薛城湘能清楚地看到,前排在冲锋,后排却已经有后退之势了。
军心已散。
天边最后一抹霞光被吞噬,他心中最后一丝对于战局的希望也随之破灭。
周遭暗了。
敌旗如乌云般压来,薛城湘渐渐意识到大势已去。
长时间谋划与算计耗尽了薛城湘的心力,他几乎脱力,却还撑着,扯着马转向,忍不住回头望去,却见齐国的将士互相呼喊着打气,斗志昂扬。

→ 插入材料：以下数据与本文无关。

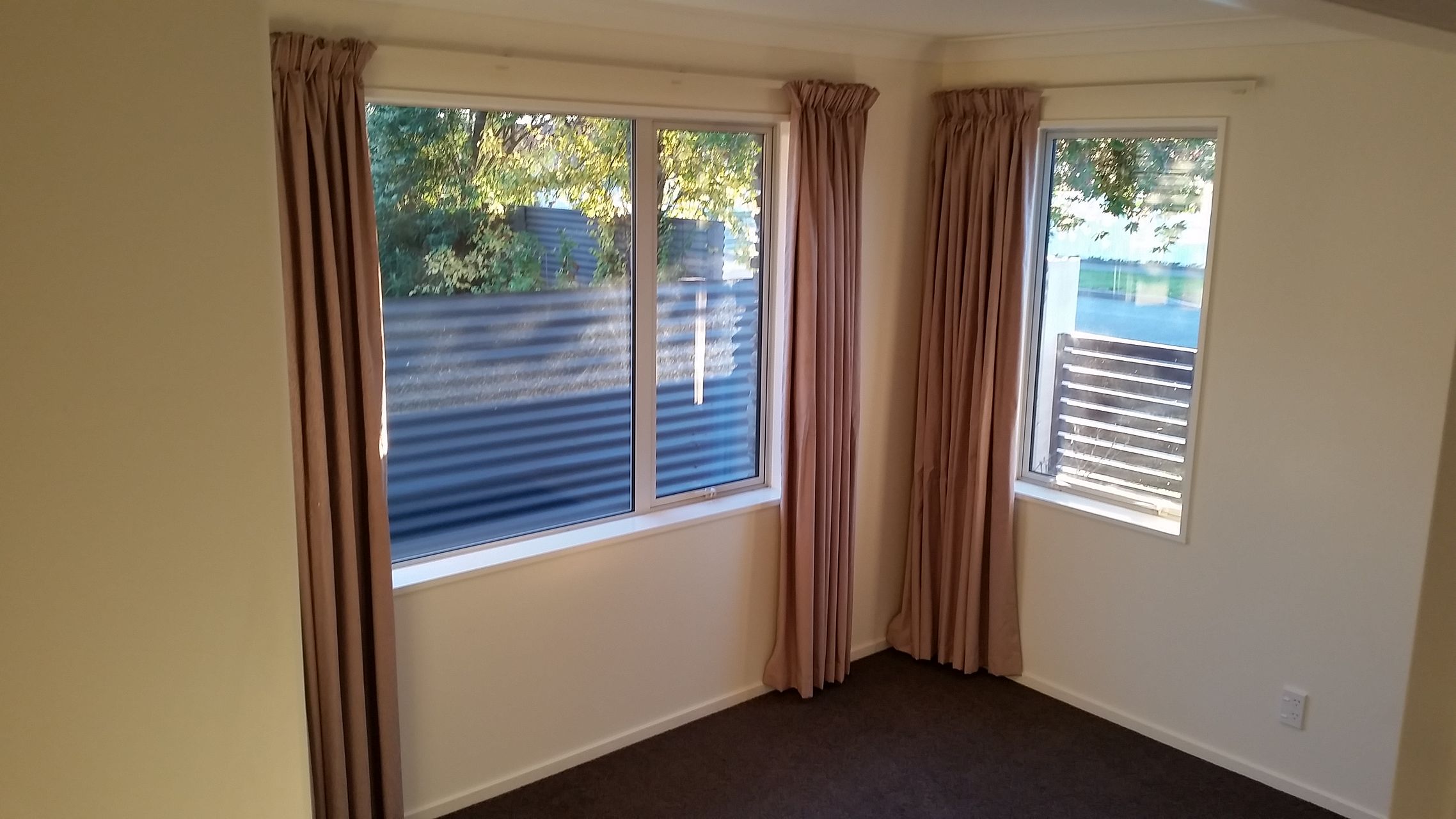 Heat pump, fully fenced, deck facing the sun. Private and close to town.
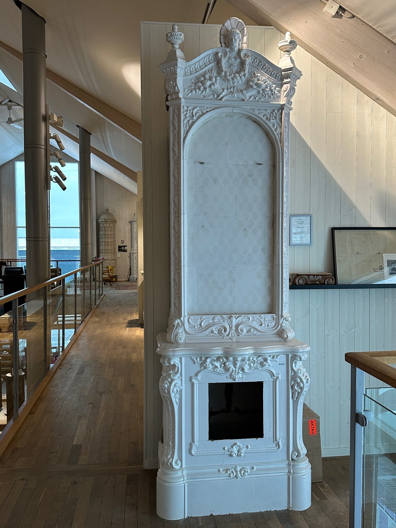 Helvit kakelugn med hylla och spegel. Tillverkad 1890 i tidstypisk stil, nyrenässans. Nedtagen i Djursholm i samband med ombyggnad. Finns nu uppsatt i Utställningen i Uppsala.
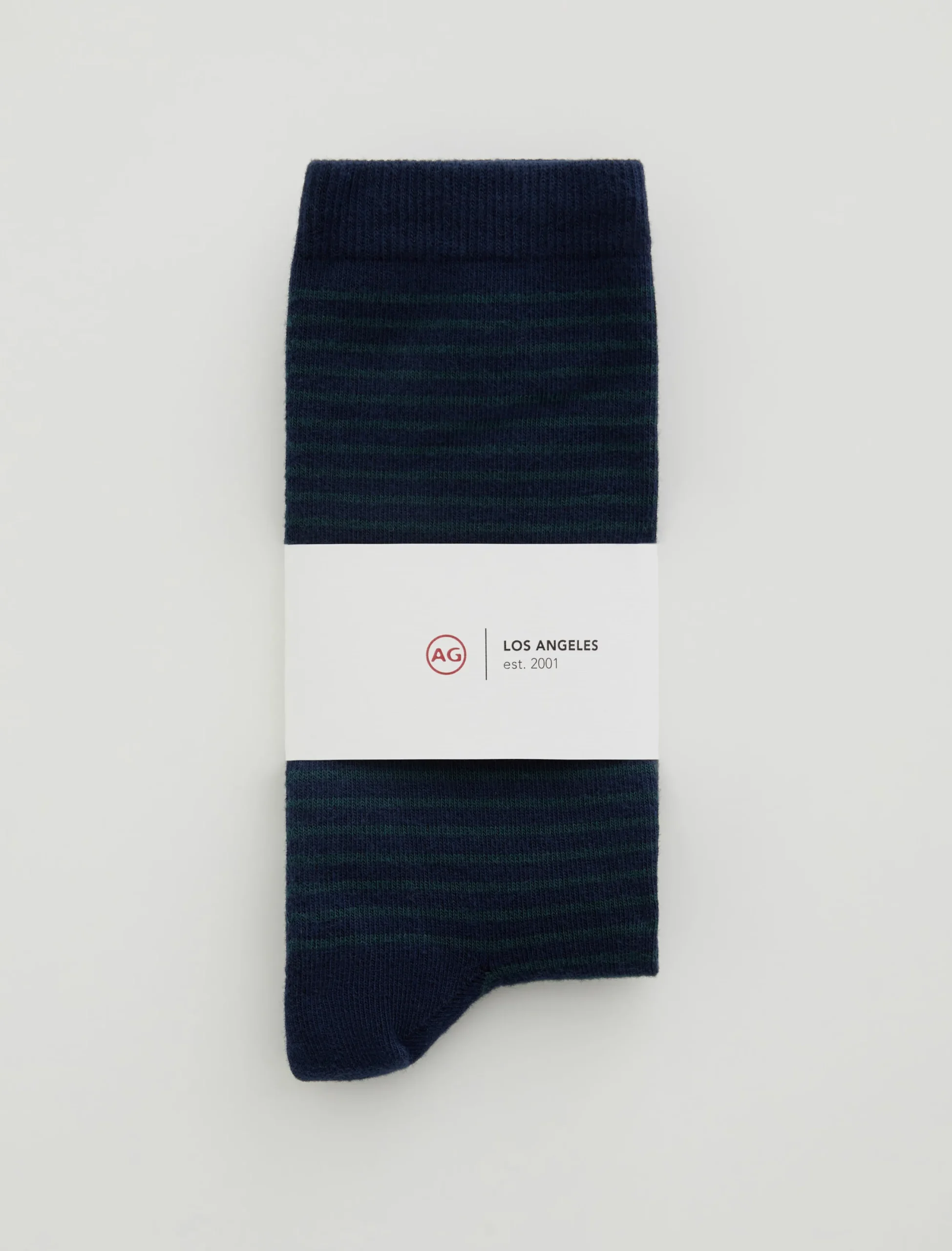 This sock is our classic crew sock. Featuring a stripe pattern, this pair has been knitted from a comfortable cotton blend and ribbed through the ankles.

“别回头!随我走东侧的沟渠!”他低声下令,对着一旁尚未战死的一个小将。
小将很是慌乱,他人生中第一次接下这么一个大任务,匆忙护送着薛城湘向东奔逃。
一群残兵败将就这么逃向东面。
江南竹看见了那一小片骚动,于是嘱咐身旁通令小将,小将驱马到刘斐跟前低声告知。刘斐望向江南竹,点点头,而后急忙带着兵马向东去追赶。
东侧有片林子。
这是薛城湘早就注意到的。
先是一片矮林,薛城湘刚一钻进去,就勒住马,回头大致看了眼人数,对小将耳语:“只留下十人即可,其余人由你带着,折向西北。半个时辰后,在西山口会合。”
小将领命,队伍于是一分为二,西北方很快扬起一阵尘土,仿佛大股残军正逃往那里。
薛城湘带着其余士兵,借着沟渠和夜色的掩护,悄然转向南方的密林,企图获得一线生机。
夜色像一张沉重的网,将山林笼得密不透风。
马蹄溅起湿泥,刘斐一路紧追,分叉路口,他谴了一队去追西北方的,而后自己去继续向东。他坚信,薛城湘没有那么傻,留下这么明显的痕迹。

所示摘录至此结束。